Sortition on Novara Media

Novara Media is British media organization which publishes videos on YouTube. On August 31st it published a video in which the presenters mocked a certain UK MP. In the context of lamenting the supposed stupidity of that MP, one of the presenters, Aaron Bastani, suggested appointing the entire House of Commons by lot. Bastani seemed fairly well informed about the topic, mentioning the term sortition and the use of the mechanism in Athens.

The argument about sortition generating a more competent body is somewhat unusual since it is conventionally claimed that sortition generates a more representative but less competent body.

The video had over 17,000 views and over 200 comments, but none of the comments as far as I could see picked up on the topic.

I mean you’d be better off, you’d honestly be better off, just the first person you see on the street or in the pub and saying “Look, you’re going to be an MP for a constituency”, they will be better than Esther McVey.

By the way, that’s something I really believe. If you randomly chose individuals and you made them MPs and then they had to form parties and alliances over a period of time, I genuinely believe they would do a better job than than the House of Commons. I know people are going to get upset with me. That’s not anti-politics left populism. It’s called sortition. It used to be the basis of Athenian democracy. I’m saying that it would be superior, with women involved and no slave class. I do genuinely believe it would give us better MPs than the caliber we have right now.

Sortition in New Zealand

A 2022 talk by Prof. Matheson Russell from the University of Auckland, New Zealand, makes the standard case for sortition. Such presentations emphasize amiablity and “empirical findings” at the expense of political power and scientific rigor.

“Sortition might be the only way”

Reddit user “totalialogika” wrote the text below in the Reddit r/PoliticalScience forum. The commenters on that forum dismissed the text with various versions of “Sir, this is a political science sub. Please go rant somewhere else”. This raises the question of what makes a certain text a piece of “political science” as opposed to “a rant”. Is it merely that the style needs to conform to certain customs, or is there more to it than that?

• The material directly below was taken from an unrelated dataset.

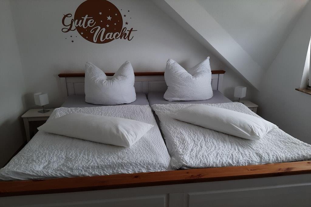 Stueetage: (Stue(, bibliotek, Fjernsyn, spisebord, radio, stereoanlæg, insektnet), Køkken(, , kogeplade, elkedel, brødrister, kaffemaskine, ovn, mikrobølgeovn, opvaskemaskine , køleskab, fryser, fryser, insektnet)) På 1. etage: (soveværelse(, , dobbeltseng, Fjernsyn, insektnet), soveværelse(, , enkeltseng, enkeltseng, insektnet), badeværelse(, toilet, bruser, håndvask, føntørrer)) , , , Internetadgang, varme, terrasse(, grill, havemøbler, solstole), parkering, parkering, trappegitter, strygebræt, strygejern, tørreskab, telefon

Sortition might be the only way

We need to rely on Jury Duty rule to eliminate corrupt and sociopathic politicians, especially those who make a career out of their rhetoric.

And for those who claim “expertise” and “experts” are the only thing that can rule. It is expertise to pervert the rule of law and to promote special interests and experts versed in hollow promises and empty talk meant to address emotional and not rational responses from the denizens.

The degeneration of today’s political system in America is the symptom of how inadequate is an archaic system setup by a few million settlers at the 18th Century for the interests of a patriarchal racist and male dominated country, and now inadequate to serve the need of a 350 million people strong superpower. There were of course attempts at putting lipstick on the pig i.e Civil Rights reforms and more access for minorities and women, but those are as ineffectual and “for show”.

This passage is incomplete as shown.